Dataset content:
=== Section Start ===

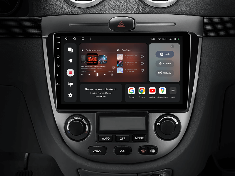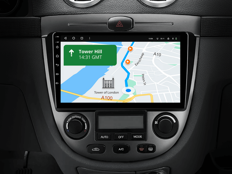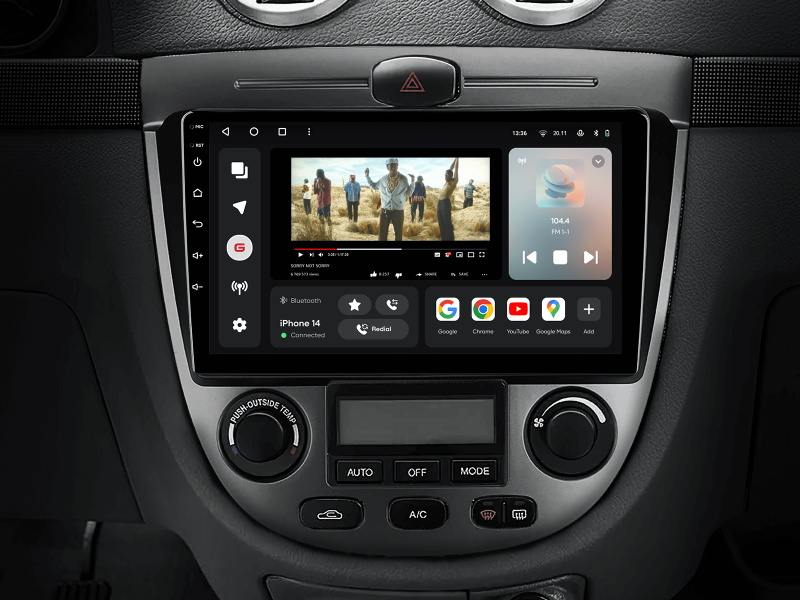 Отримайте Apple CarPlay, Android Auto, Google Maps та Wase навігацію з інформацією про затори на великому вбудованому екрані прямо у вашому автомобілі Buick~|~Chevrolet Lacetti 2004-2013. Насолоджуйтесь YouTube, Netflix, Amazon, Disney, а також інтернет-радіо та потоковою музикою у вашому авто.
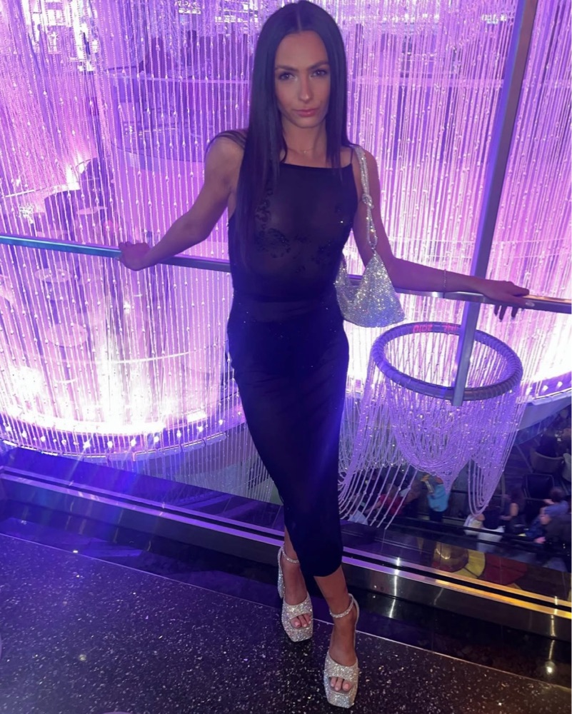 Black sheer evening dress, crystal embellishment, midi length
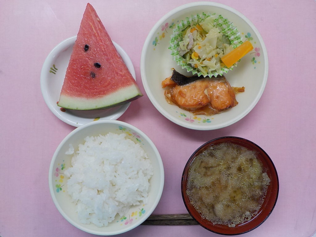 ホームきょうの給食 8/19 今日の給食 2022年8月19日 子どもたちが大好きな給食やおやつを毎日紹介しています! 【幼児食・乳児食】 昼食 ごはん 田舎汁 鮭の竜田焼き スタミナサラダ スティック人参 すいか 3時のおやつ 牛乳 あんずサンド 10時のおやつ(乳児のみ) 牛乳

=== Section End ===

Assigned task:
Print the whole listing above exactly, and keep every picture out of the copy.

Solution to this task:
 Отримайте Apple CarPlay, Android Auto, Google Maps та Wase навігацію з інформацією про затори на великому вбудованому екрані прямо у вашому автомобілі Buick~|~Chevrolet Lacetti 2004-2013. Насолоджуйтесь YouTube, Netflix, Amazon, Disney, а також інтернет-радіо та потоковою музикою у вашому авто.
 Black sheer evening dress, crystal embellishment, midi length
 ホームきょうの給食 8/19 今日の給食 2022年8月19日 子どもたちが大好きな給食やおやつを毎日紹介しています! 【幼児食・乳児食】 昼食 ごはん 田舎汁 鮭の竜田焼き スタミナサラダ スティック人参 すいか 3時のおやつ 牛乳 あんずサンド 10時のおやつ(乳児のみ) 牛乳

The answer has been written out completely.